In Auto

Retirement opens a door for many to travel the world, spend more time with family and friends, or to simply take in ones surroundings and enjoy the simplicity of life. Because of the nature of car insurance, what most people don’t realize is that a change in lifestyle can alter the “life” of your car insurance.

A car insurance policy is specific to the owner. It is based off a number of different factors including age, household structure, demographics and actual amount of time spent in the car.  When these factors take on a permanent change then it might be time to revisit the original policy.

It is normal to think that after retirement you will spend a lot more time in your car traveling and doing all the things you haven’t had a chance to do due to being employed. But, is this really the case? On average, a commuter can put up to 12,000 miles per year on his or her car.  Without a commute, your car will likely see a drop of 7,000 to 8,000 miles per year, which could mean a serious deduction in your coverage.  If you are planning on putting a lot of miles on your car due to relocating after retirement, it would be wise to look into the average premium cost for the area you will be relocating too.

A common goal for retirement is to have your household, including children, financially stable before you leave the work force. Once this has happened, your car insurance policy should be revisited for numerous reasons. For one, having a child move out of the house may result in a lower premium. If your children have not yet permanently moved out of the house, then they should be included on your policy. Lastly, a death or divorce of spouse should be a reason to go back and look at your current policy.

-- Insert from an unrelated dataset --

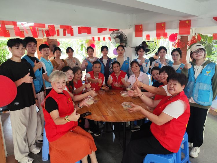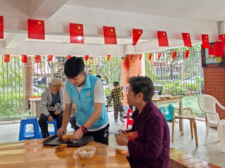 活動(dòng)現(xiàn)場(chǎng)暖意融融,支部成員分工明確、協(xié)作有序。在禮品派送區(qū),成員們將精心準(zhǔn)備的節(jié)日禮品逐一送到老人手中,一句句親切問候、一聲聲真誠祝福,讓老人們感受到濃濃的節(jié)日關(guān)懷;在傳統(tǒng)美食暢享區(qū),成員們有序引導(dǎo)來賓領(lǐng)取兌換券,實(shí)時(shí)關(guān)注美食余量并協(xié)助社工及時(shí)補(bǔ)供,確保美食體驗(yàn)過程高效順暢;在就餐聊天區(qū),成員們及時(shí)清理餐桌垃圾,維持現(xiàn)場(chǎng)整潔環(huán)境,并在過程中化身“攝影助手”,耐心指導(dǎo)老人調(diào)整姿勢(shì)、整理儀表以及介紹照片美化、云端分享的簡(jiǎn)單方法,將笑容與陪伴定格成一張張暖心合影。

A key thing to consider is the actual value of your car. According to Mike Barry, vice president at the Insurance Information Institute, dropping collision coverage on an older car may be the fiscally smart action to take.

“For a 10-year old, or older, car, it doesn’t make sense to have collision coverage,” said Barry. “Wrecking a 10-year-old car might cause $4,000 in damage on a car that’s worth only $5,000 to $6,000.”

As a general rule of thumb, any changes to the “life” of your vehicle should cause you to revisit your policy and look for change. According to Barry, every driver should review his auto insurance policy once a year, regardless of age or major life changes.